According to a first aspect, an embodiment of this disclosure provides a data compression and transmission method, including: A first apparatus obtains M pieces of first data. One piece of subdata in the first data corresponds to one first sparse matrix, the first sparse matrix represents one piece of corresponding subdata in the first data based on a first dictionary matrix, and the first dictionary matrix includes features of M pieces of subdata respectively corresponding to the M pieces of first data. The first apparatus outputs compressed data of the M first sparse matrices. M is an integer greater than 1.

According to the data compression and transmission method provided in the first aspect, dictionary learning is performed on the M pieces of subdata respectively corresponding to the M pieces of first data based on one first dictionary matrix, to obtain a sparse representation of each piece of subdata, to implement effective and reliable data compression and transmission in a transmission scenario with a large data amount.

In a possible implementation, that the first apparatus outputs the compressed data of the M first sparse matrices includes: The first apparatus determines a first matrix based on the M first sparse matrices. The first apparatus performs low-rank approximation on the first matrix, to obtain first compressed data of the M first sparse matrices. The first apparatus outputs the first compressed data.

According to the data compression and transmission method provided in this implementation, joint compression is performed on the M first sparse matrices through low-rank approximation, to further improve a compression rate.

In a possible implementation, that the first apparatus determines the first matrix based on the M first sparse matrices includes: The first apparatus combines the M first sparse matrices, to obtain the first matrix; or the first apparatus performs data compression on at least one of the M first sparse matrices, and combines M first sparse matrices obtained through data compression, to obtain a first matrix.

According to the data compression and transmission method provided in this implementation, when the first apparatus combines the M first sparse matrices, to obtain the first matrix, there is high processing efficiency, and the first apparatus performs data compression on the at least one first sparse matrix, and then combines the M first sparse matrices, to obtain the first matrix, to further improve the compression rate.

In a possible implementation, that the first apparatus performs data compression on the at least one of the M first sparse matrices includes: For one of the M first sparse matrices, the first apparatus sets a value of a first element in the one first sparse matrix to a first value based on first location indication information.

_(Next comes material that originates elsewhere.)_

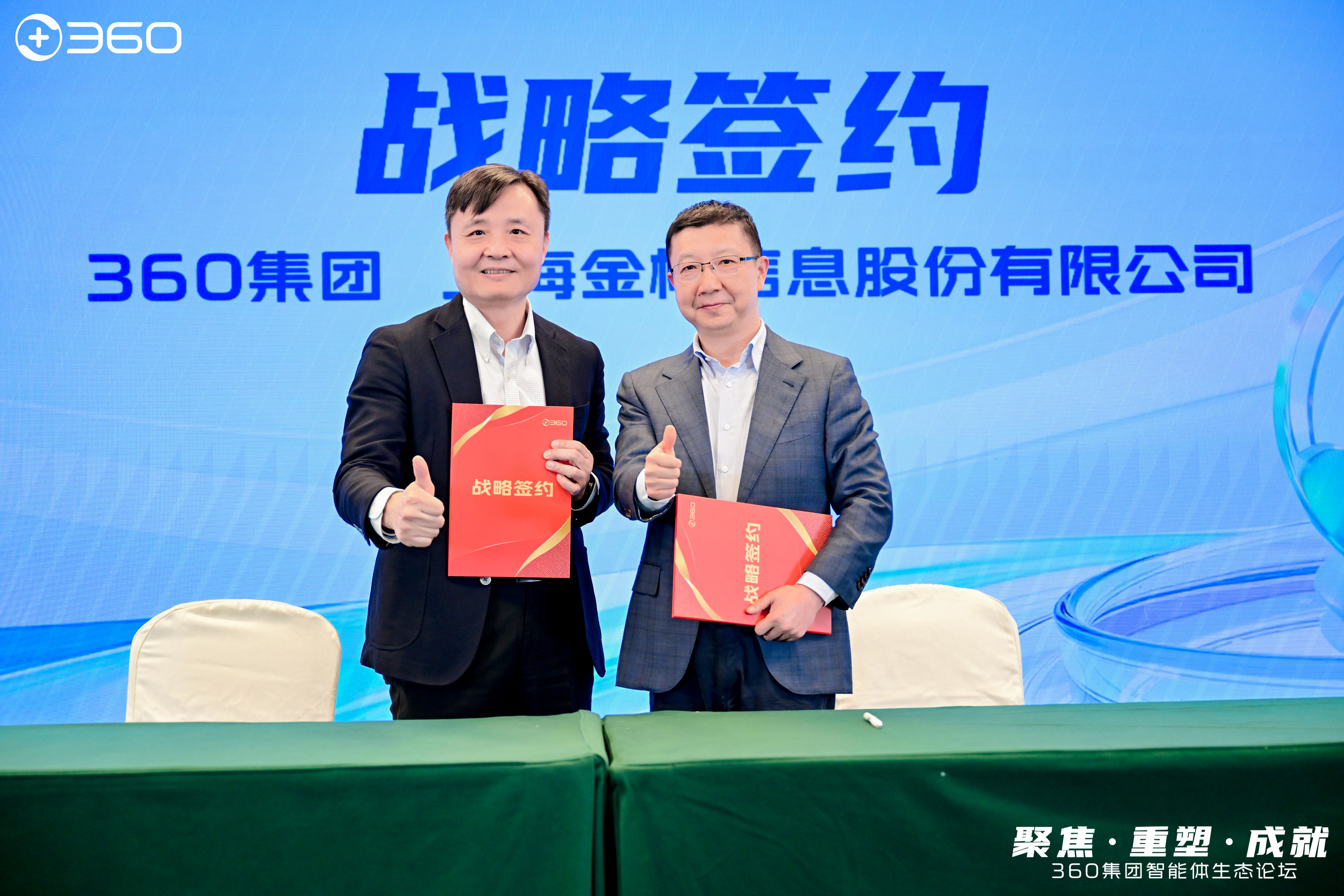 在全體嘉賓見證下,金橋信息與360集團正式簽署戰略合作協議。這一重要合作標志著雙方將圍繞智能體平臺開發、行業解決方案融合、數據安全協同等方向展開全方位合作,共同推動智能體技術在政務、司法、教育等重點行業的創新應用。

The first location indication information indicates a location of an element, in the first sparse matrix, capable of representing one piece of corresponding subdata, and the first element is incapable of representing one piece of subdata in the first data.

According to the data compression and transmission method provided in this implementation, the element that is capable of representing one piece of corresponding subdata is selected from the first sparse matrix, to implement data compression on the first sparse matrix.

In a possible implementation, that the first apparatus performs low-rank approximation on the first matrix, to obtain the first compressed data of the M first sparse matrices includes: The first apparatus performs singular value decomposition on the first matrix, to obtain K feature values and feature vectors respectively corresponding to the K feature values. The K feature values and the feature vectors respectively corresponding to the K feature values represent the first matrix. The first apparatus uses Kfeature values in the K feature values and feature vectors respectively corresponding to the Kfeature values as the first compressed data of the M first sparse matrices.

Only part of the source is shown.